Data shown:
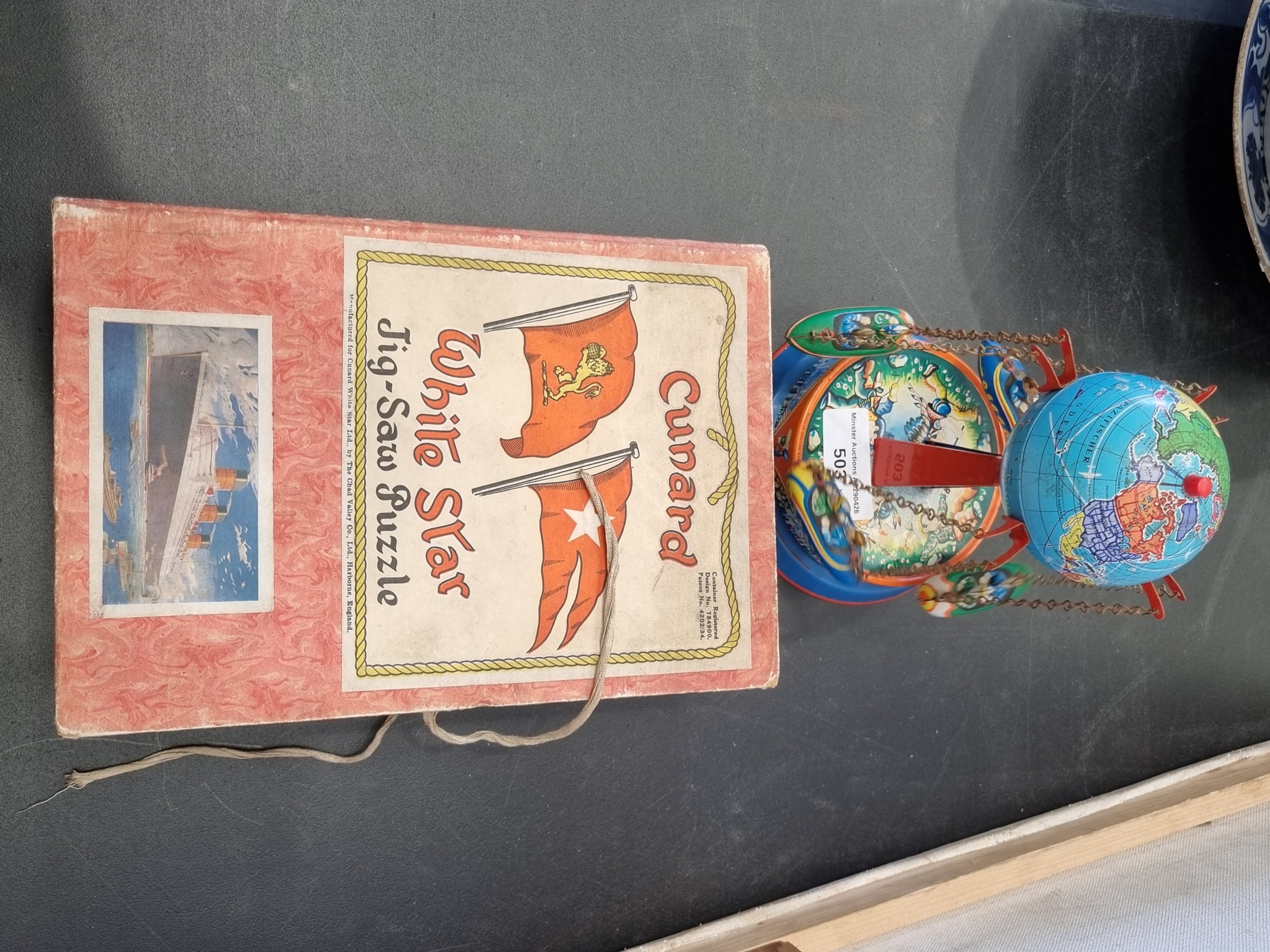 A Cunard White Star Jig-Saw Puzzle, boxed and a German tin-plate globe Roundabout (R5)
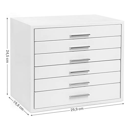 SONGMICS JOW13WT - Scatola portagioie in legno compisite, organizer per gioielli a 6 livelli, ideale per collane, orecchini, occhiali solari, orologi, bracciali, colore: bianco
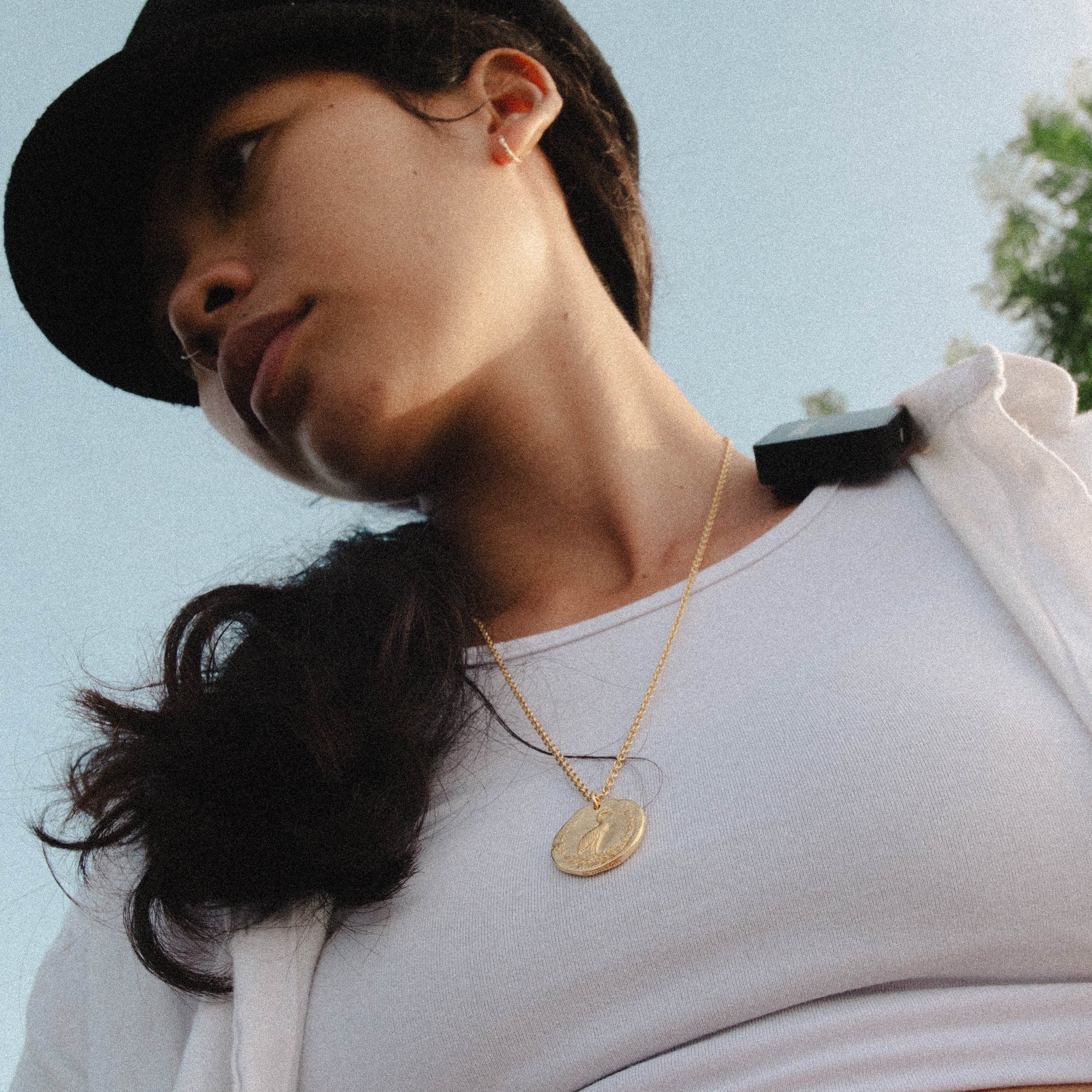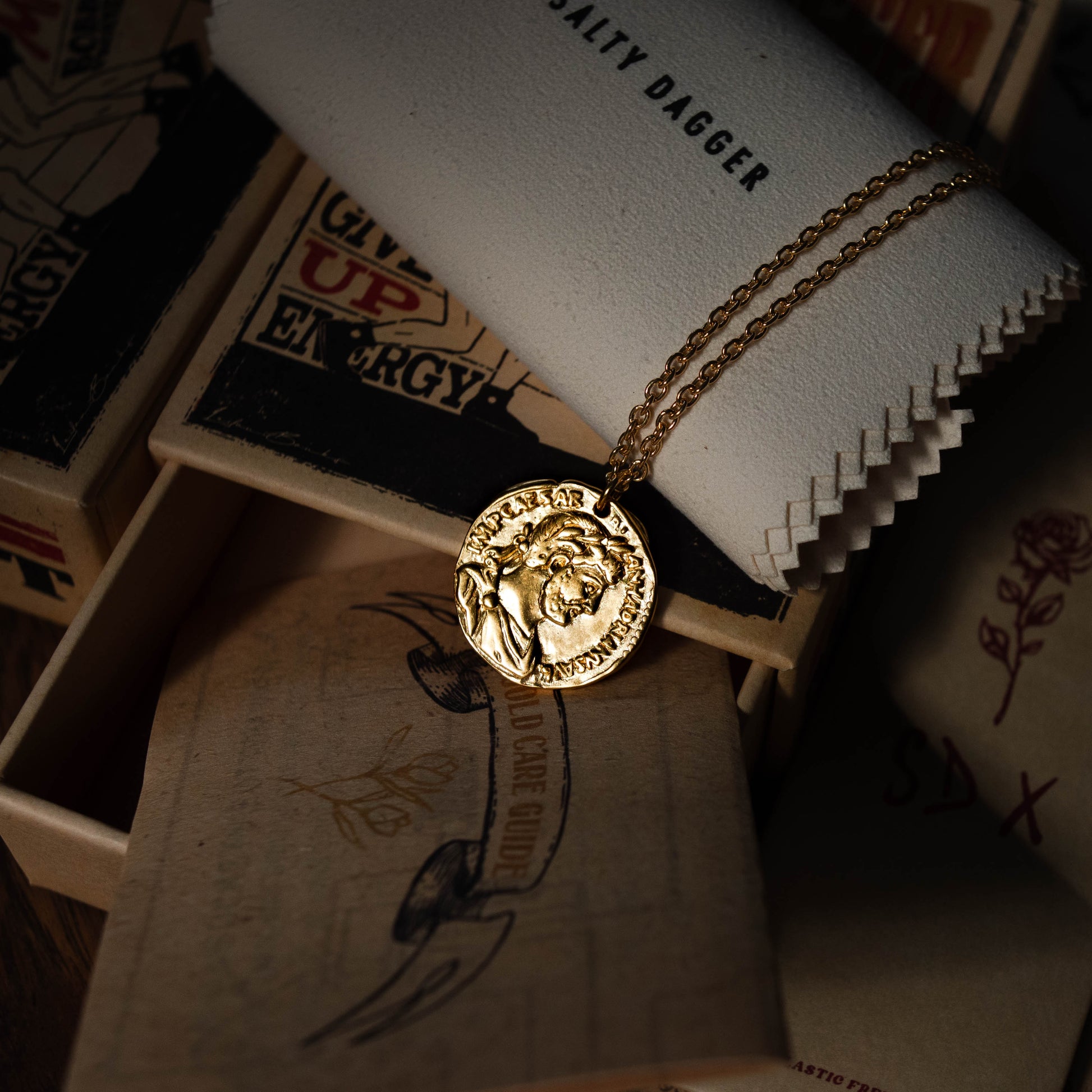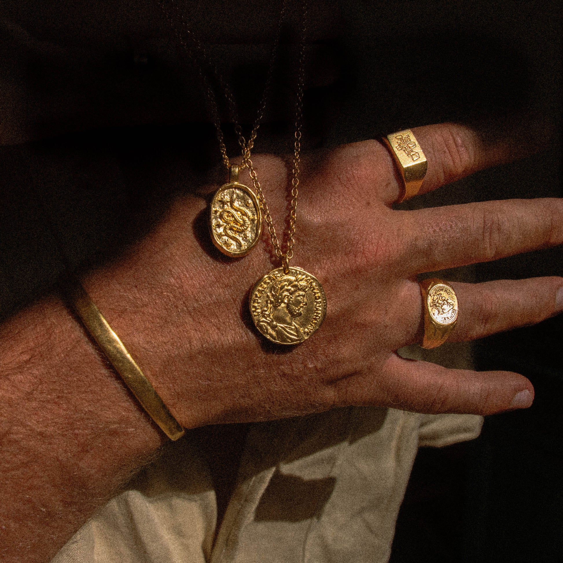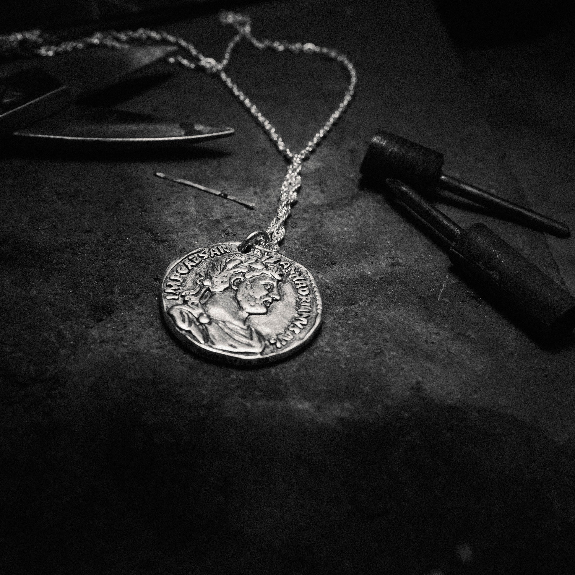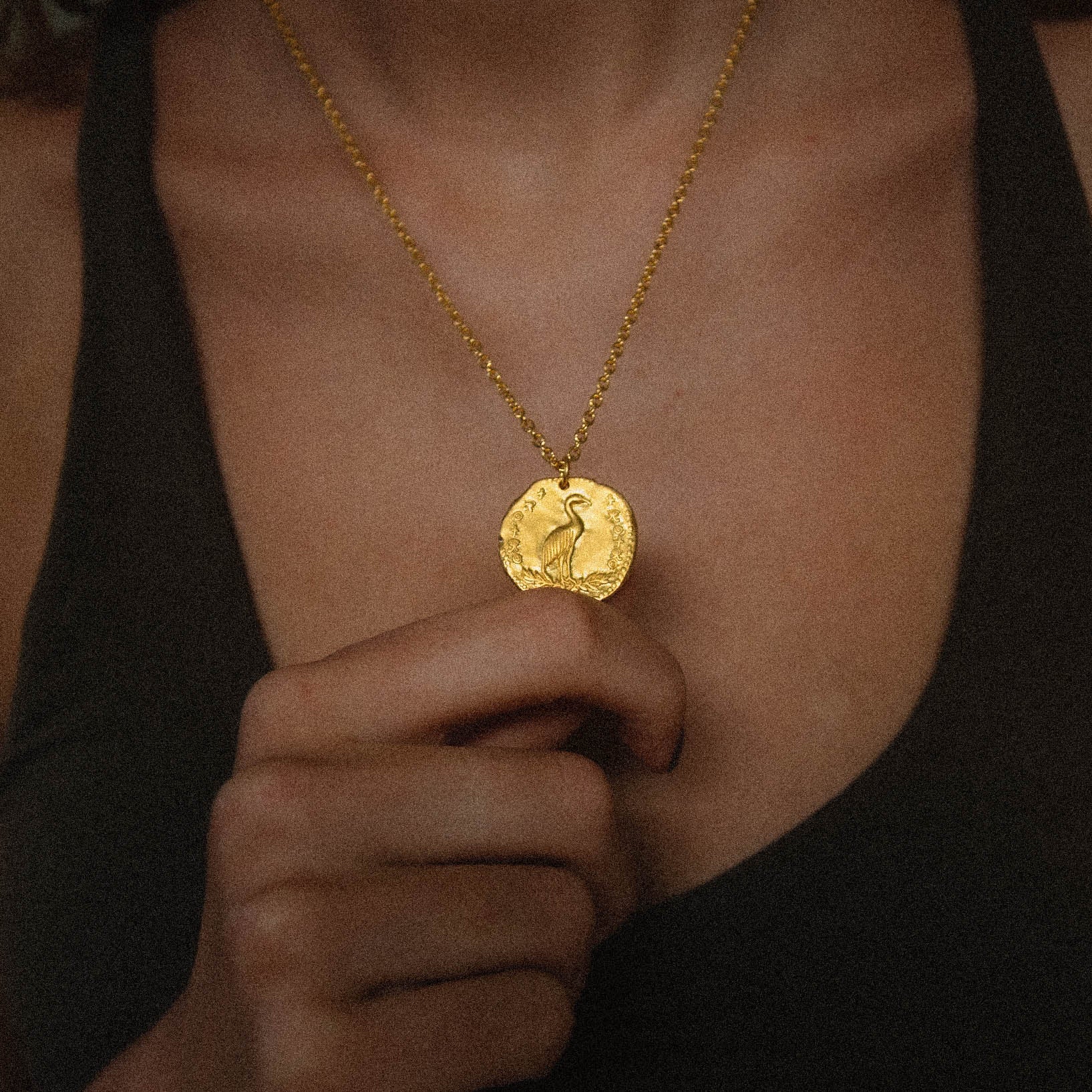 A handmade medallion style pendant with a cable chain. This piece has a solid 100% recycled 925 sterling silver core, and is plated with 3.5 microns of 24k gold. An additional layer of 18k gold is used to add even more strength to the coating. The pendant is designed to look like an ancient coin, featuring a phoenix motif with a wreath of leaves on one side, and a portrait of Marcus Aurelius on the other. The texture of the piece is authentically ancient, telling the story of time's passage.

Work to complete: Could you reproduce the data above exactly, without its pictures?

Result:
 A Cunard White Star Jig-Saw Puzzle, boxed and a German tin-plate globe Roundabout (R5)
 SONGMICS JOW13WT - Scatola portagioie in legno compisite, organizer per gioielli a 6 livelli, ideale per collane, orecchini, occhiali solari, orologi, bracciali, colore: bianco
 A handmade medallion style pendant with a cable chain. This piece has a solid 100% recycled 925 sterling silver core, and is plated with 3.5 microns of 24k gold. An additional layer of 18k gold is used to add even more strength to the coating. The pendant is designed to look like an ancient coin, featuring a phoenix motif with a wreath of leaves on one side, and a portrait of Marcus Aurelius on the other. The texture of the piece is authentically ancient, telling the story of time's passage.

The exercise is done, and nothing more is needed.